For each of the three new transform files, replace everything on line 10 and below with the corresponding code blocks:

See below for the flight_alerts_preprocessed.py file code.

def compute(source_df):

    # define string columns to be normalized
    normalize_string_columns = [
        'category',
    ]

    # define columns to be cast to strings
    cast_string_columns = [
        'priority',
        'status',
    ]

    # define columns to be cast to dates
    cast_date_columns = [
        'flightDate',
    ]

    # cast columns to appropriate types using functions from our utils files
    typed_df = types.cast_to_string(source_df, cast_string_columns)
    typed_df = types.cast_to_date(typed_df, cast_date_columns, "MM/dd/yy")

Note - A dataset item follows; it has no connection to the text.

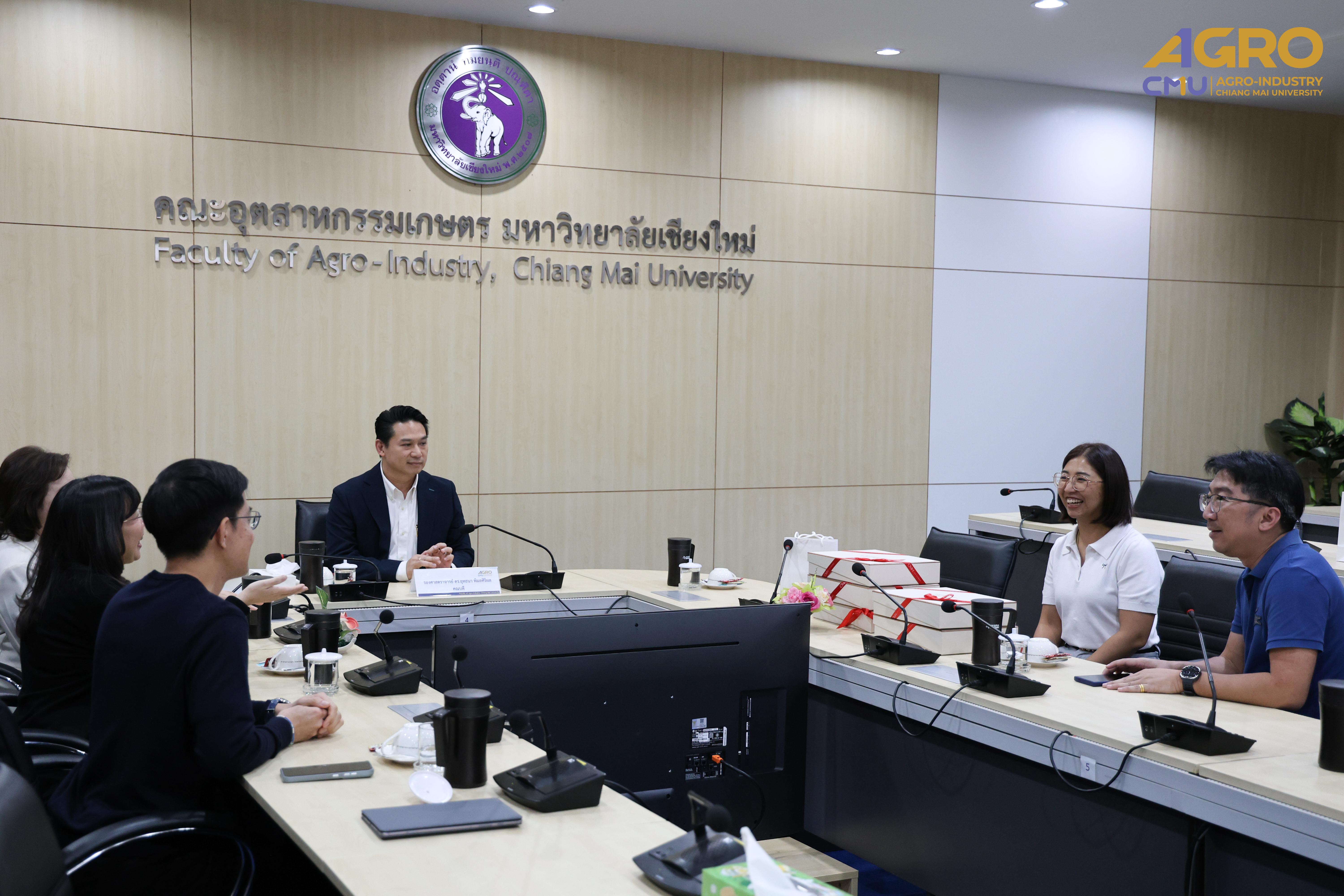 During the meeting, executives and staff members from both CMH Chiangmai Holding Co.Ltd and the Faculty of Agro-Industry exchanged ideas and discussion on potential collaborations between the two institutions. The meeting took place at the Meeting Room 3 of the Faculty of Agro-Industry, Chiang Mai University.

    # normalize strings and column names using functions from our utils files
    normalized_df = clean.normalize_strings(typed_df, normalize_string_columns)
    normalized_df = clean.normalize_column_names(normalized_df)

    return normalized_df

See below for the priority_mapping_preprocessed.py and status_mapping_preprocessed.py file code (they'll each use the same code block).

def compute(source_df):

    # define string columns to be normalized
    normalize_string_columns = [
        'mapped_value',
    ]

    # define columns to be cast to strings
    cast_string_columns = [
        'value',
    ]

    # cast columns to appropriate types and normalize strings using functions from our utils files
    normalized_df = types.cast_to_string(source_df, cast_string_columns)
    normalized_df = clean.normalize_strings(normalized_df, normalize_string_columns)

    return normalized_df

Review the code comments and syntax to see how the cleaning and type utils are invoked in the preprocessed transforms.

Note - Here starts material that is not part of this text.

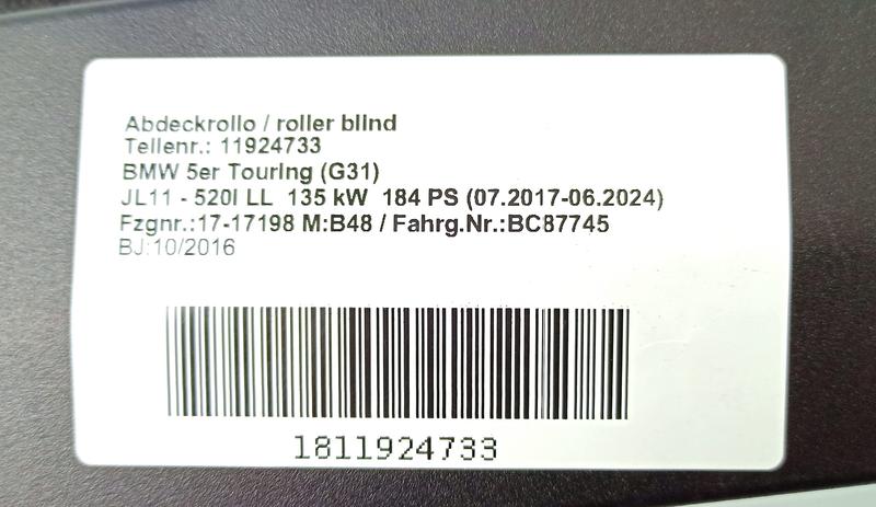 51477466711 Cubierta bandeja trasera BMW 5 Series G31 Touring, 5 Series G31 Touring LCI

Test each transform file using the Preview option, noting how the application of the util functions changes the outputs (e.g., the flightDate column is now a date type and the mapped_values columns in the mapping files are properly formatted).
Commit your code with a meaningful message, such as “feature: add preprocessing transforms”.
Once the CI checks have passed, Build each dataset on your feature branch.
Consider returning to each of your preprocessed transform files and clicking the hyperlinked text: “Replace paths with RIDs” (you may need to refresh your browser first).
After validating the output datasets on your branch in the dataset application, (Squash and) merge your feature branch into Master.
Delete your feature branch.
Build the datasets on the Master branch and verify the outputs in the dataset application.